13. Successors and Binding Agreement.
a. This Amendment, and all obligations of the Company and Executive hereunder, shall be binding upon and inure to the benefit of, as applicable, any of their heirs, successors and assigns, including, without limitation, any persons acquiring, directly or indirectly, all or substantially all of the business and/or assets of the Company whether by purchase, merger, consolidation, reorganization, or otherwise (and such successor shall thereafter be deemed included in the definition of "the Company" for purposes of this Amendment) but shall not be otherwise assignable or delegable by the Company.
b. This Amendment shall inure to the benefit of and be enforceable by Executive's personal or legal representatives, executors, administrators, successors, heirs, distributees, and/or legatees.
c. This Amendment is personal in nature. None of the parties hereto shall, without the consent of the other parties, assign, transfer or delegate this Amendment or any rights or obligations hereunder except as expressly provided in Section 13(a) or 13(b). Further, no third party shall have any rights hereunder except as provided in Section 13(a) or 13(b).
14. Non-Disclosure; Statements to Third Parties.

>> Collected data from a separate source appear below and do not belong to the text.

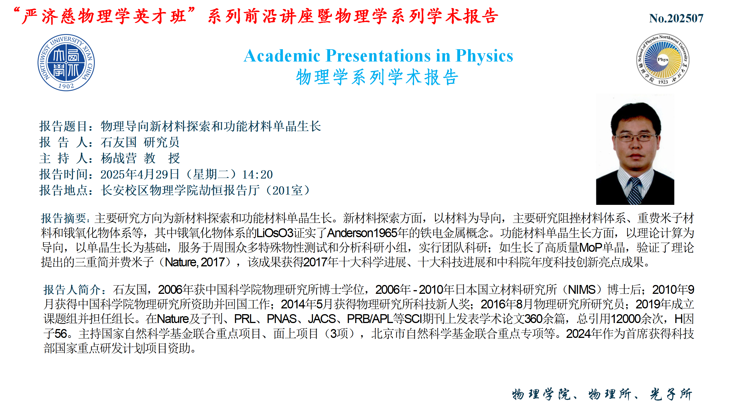 上一篇:“严济慈物理学英才班”系列前沿讲座暨物理学系列学术报告—...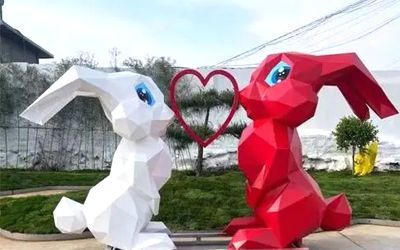 彩色不銹鋼雕塑是結合噴漆制作而成,在雕塑成形之后只需要簡單的打磨,然后刮膩子、噴漆,使得作品能夠表現豐富的色彩。相比鏡面、拉絲等不銹鋼雕塑的制作工藝來說,噴漆不銹鋼雕塑色彩表現豐富、耐用性下降,在長期的日曬雨淋作用下,可能出現起殼、顏色脫落的情況。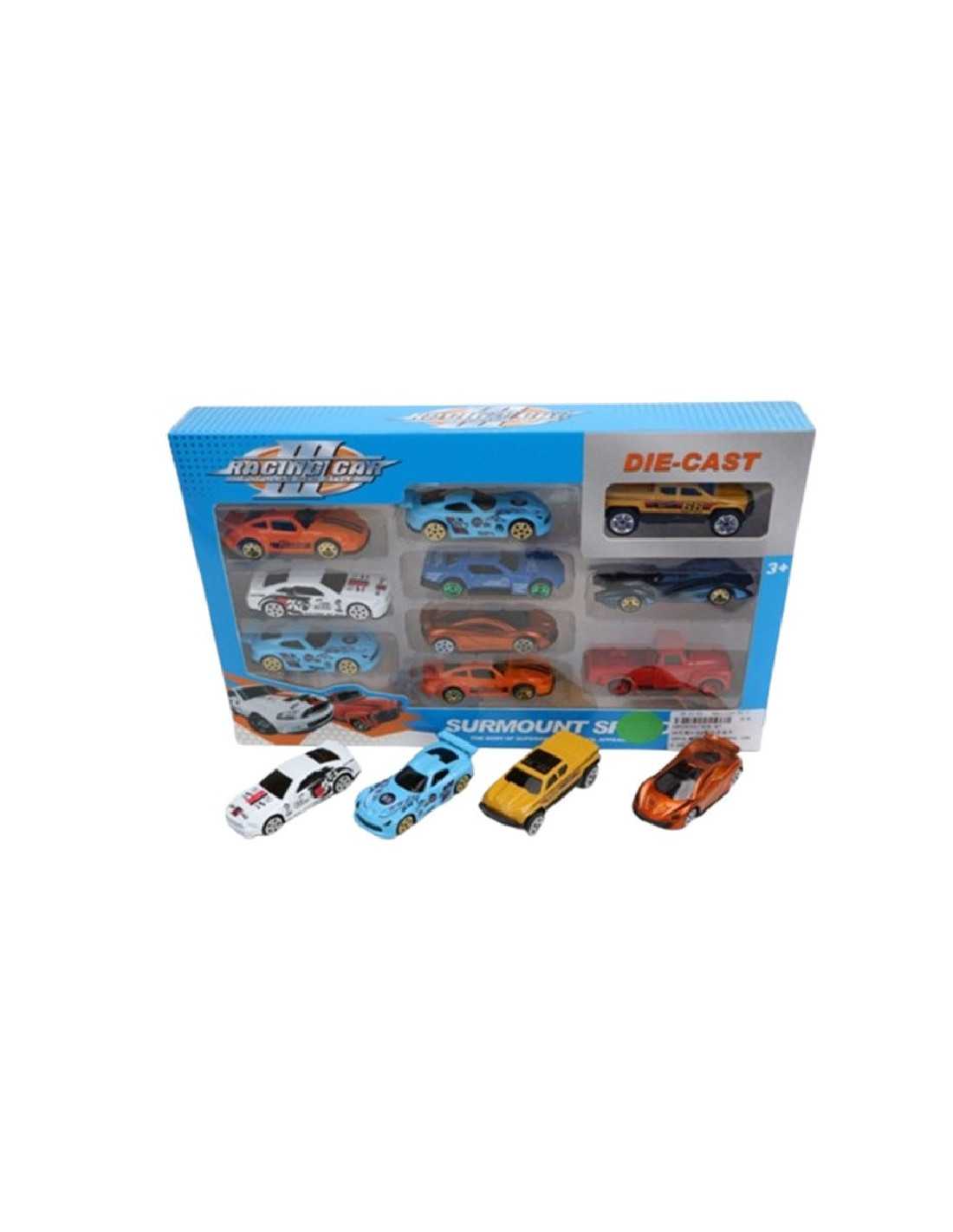 Zestaw kolorowych metalowych pojazdów.

a. Executive shall maintain as confidential all provisions of this Amendment and the circumstances giving rise hereto and shall not disclose them to any person not a party hereto, other than (i) to Executive's spouse, if any; (ii) to Executive's attorney, financial advisor and/or tax advisor to the extent necessary for such advisor to render appropriate legal, financial and tax advice; (iii) to an individual or entity to whom disclosure is permitted under Section 6(d) or 7(b)(ii); or (iv) as necessary to carry out the provisions of this Amendment or as required by law.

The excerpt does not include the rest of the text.